I am trying to find $(x_1,x_2)$ solving the system of equations
$$ p + a_1 x_1 = \dfrac{k_1}{2} a_1 \left[ p + a_1 x_1 + \left(1 + \dfrac{x_1}{s_1} \right) b_2 x_2 \right]^2 \\\\ p + a_2 x_2 = \dfrac{k_2}{2} a_2 \left[ p + a_2 x_2 + \left(1 + \dfrac{x_2}{s_2} \right) b_1 x_1 \right]^2 $$
which looks solvable, but none of the approaches I have tried so far (including https://math.stackexchange.com/a/2148580/449277) has worked.
Any solution or guidance would be most appreciated!
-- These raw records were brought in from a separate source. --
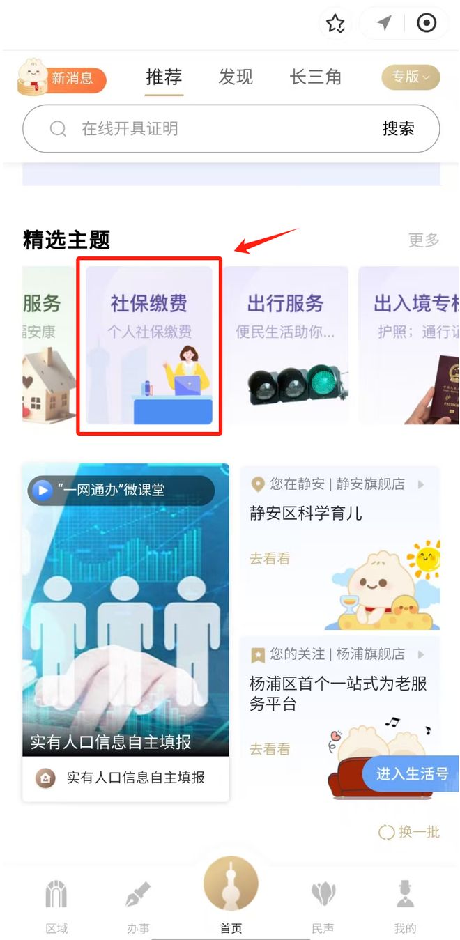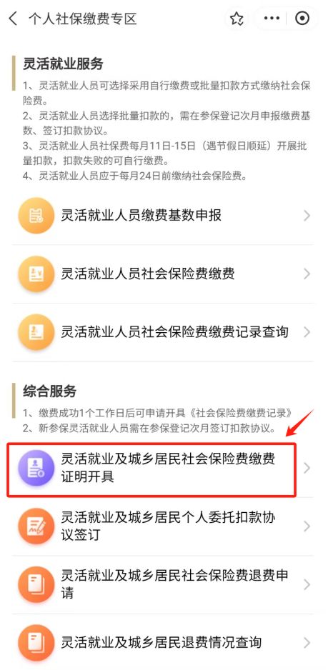 1.打开“随申办市民云”(APP、微信小程序、支付宝小程序),首页下滑至“精选主题”模块,点击“社保缴费”,进入“个人社保缴费专区”,下拉至综合服务版块,点击“灵活就业及城乡居民社会保险缴费证明开具”。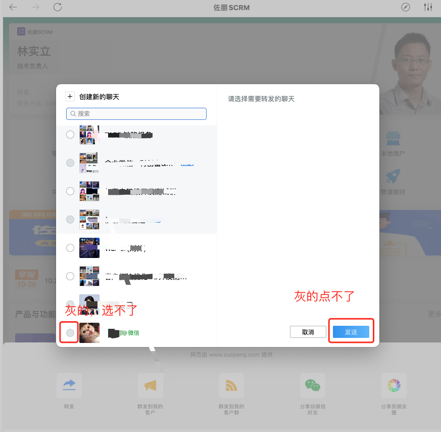 我也有遇到这个问题。用这个接口,Mac端拉起转的窗口,可以选企业内部联系人的会话,但选不了外部联系人的会话去分享: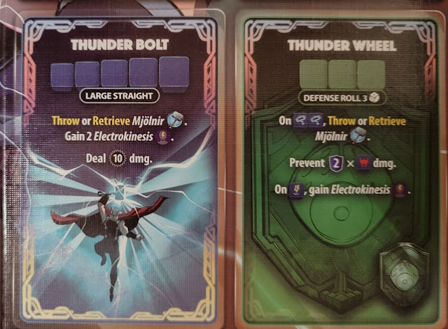 Thor has two status effects of his own: Guard Break and Electrokinesis. Utilizing Guard Break, Thor can roll one die after completing his offensive roll phase. If the outcome is 1-3, Thor's attack becomes undefendable! The Electrokinesis status effects can be used to boast Thor's abilities or cashed in to draw one action card.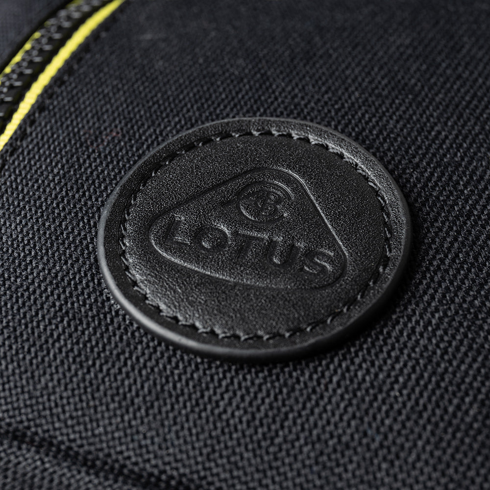 Cross body shoulder which features Lotus Roundel branding on the outer, logo silicone zip pullers, yellow striped zip tape and weave pattern lining. Bag features 2 main compartments and a detachable shoulder strap, made from 100% nylon.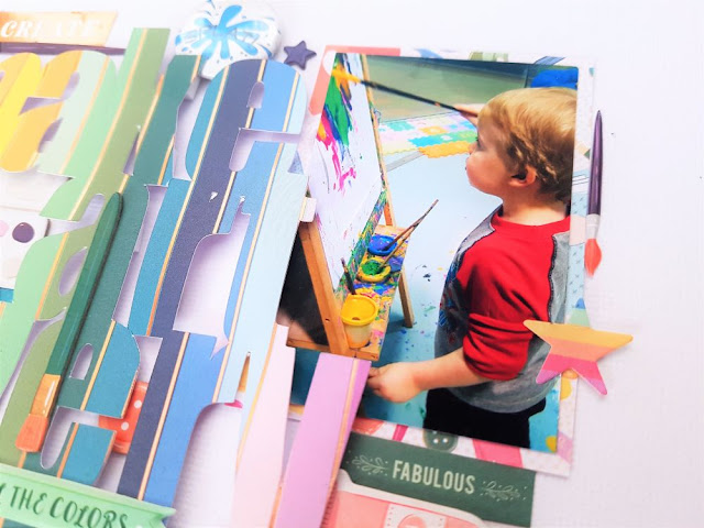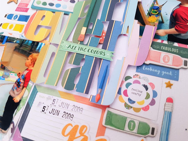 I added every single paintbrush and paint tube I could find from all the embellishments! I overlapped some of them on other elements and also placed them on their own. The 'Splat' flair button right at the top of the page is from my stash. I also included some of the stars in the chipboard and cardstock stickers too. I finished off with some splats of black mist and the date stamp.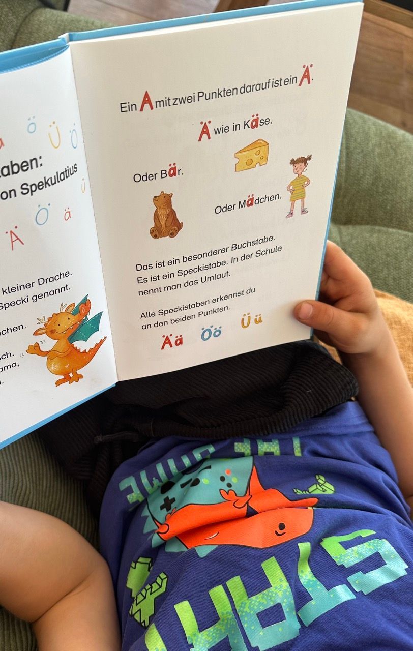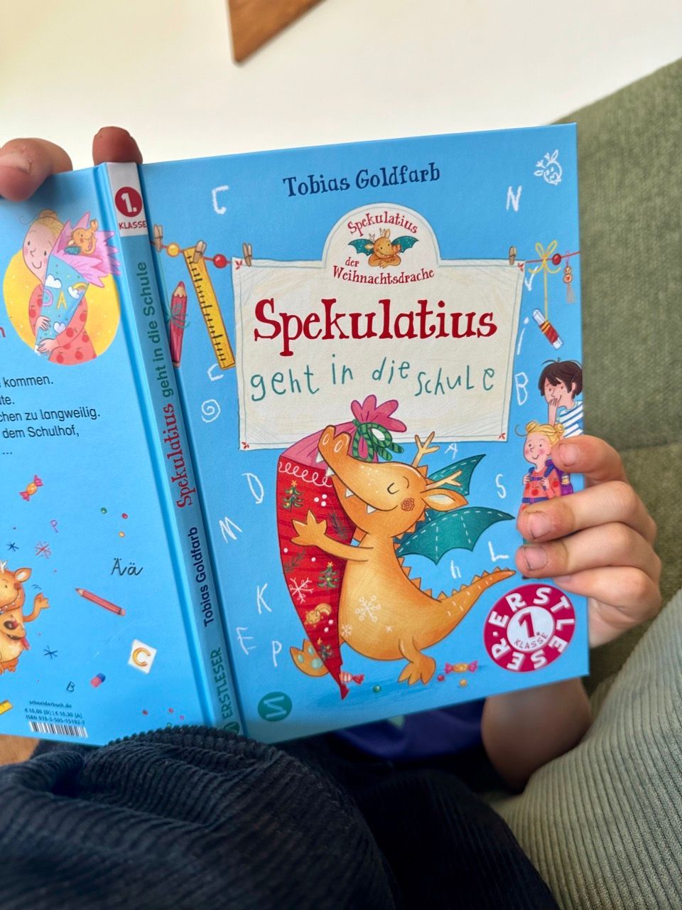 Von Spekulatius haben wir euch ja bereits schon Bücher vorgestellt und man muss den kleinen Weihnachtsdrachen einfach mögen - unsere drei tun es auf jeden Fall! Und jetzt gibt es neben den Bilder- und Vorlesebüchern auch noch ein Erstlesebuch, was jetzt für das zweite Halbjahr der ersten Klasse ideal ist. Viele wissen bestimmt, dass Spekulatius, genannt Specki, eigentlich nur zu Weihnachten zu Matilda und Maus kommt und das Familienleben ordentlich aufmischt. Seine zuckersüße Sprache, bei der a, o und u zu ä,ö und ü werden, ist für manchen Erwachsenen zwar erstmal ungewöhnlich zu lesen, aber gerade beim Lesenlernen macht es für die Kinder besonders Spass auch mal Quatschworte vorzulesen und ungewöhnliche Wörter zu üben. Die Speckistaben lockern das Vorlesen nochmal ordentlich auf.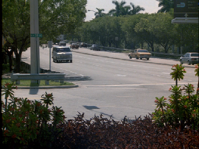 Bunny has pulled into Carroon’s hotel. This was filmed, not at the Barcelona Hotel but out west by the airport where we just saw Berrigan turn. What at the time was the Sheraton Riverside, 3900 NW 21st Street. Now it is a Wyndham Hotel.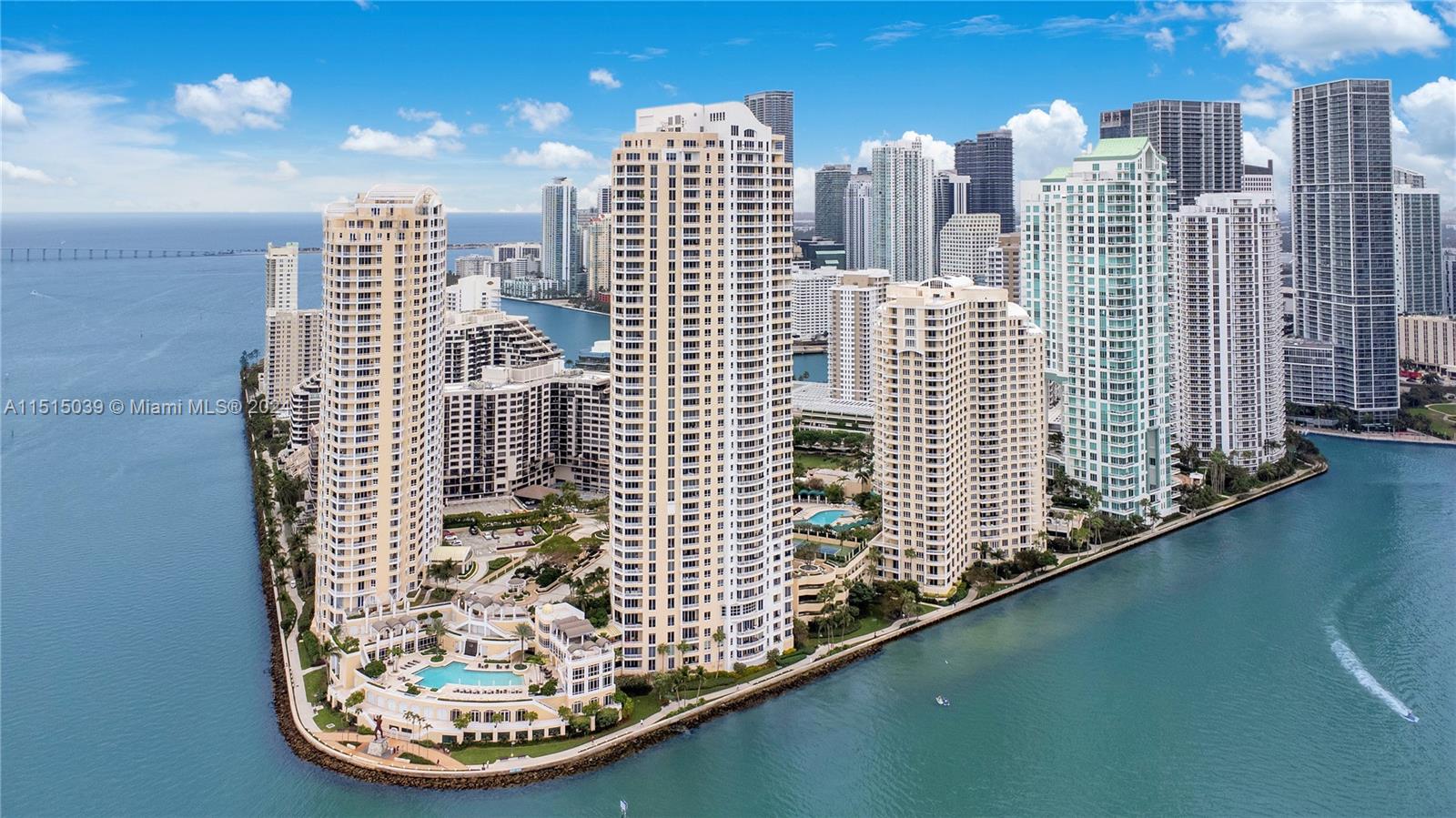 Amazing Corner Unit with spectacular views of the bay and Miami skyline. 3 bedrooms/3.5 baths, 2293 sqft, each bedroom have a private bathroom. Elegant tile floors in the living areas, wood floors in the bedrooms, spacious and updated closets and bathrooms, remodeled kitchen with top of the line appliances and breakfast area. Unit have 2 balconies, front balcony with amazing North views that will allow you to enjoy Miami best fireworks, and South balcony to enjoy Miami amazing sunsets. 2 parking spaces included and 1 storage. Three Tequesta being one of the most amazing buildings in the exclusive Brickell Key, with top amenities. Must See!!

I tried to find a rather simple analytical approach, but, unfortunately, it still looks cumbersome and should lead to an equation of eighth degree, see below.
Let us proceed from Paul Sinclair's simplification. If $A_1=0$ then $y_1=-p$ and we have a quadratic equation for $y_2$, if $A_2=0$ then the situation is similar. So we assume that both $A_1$ and $A_2$ are nonzero.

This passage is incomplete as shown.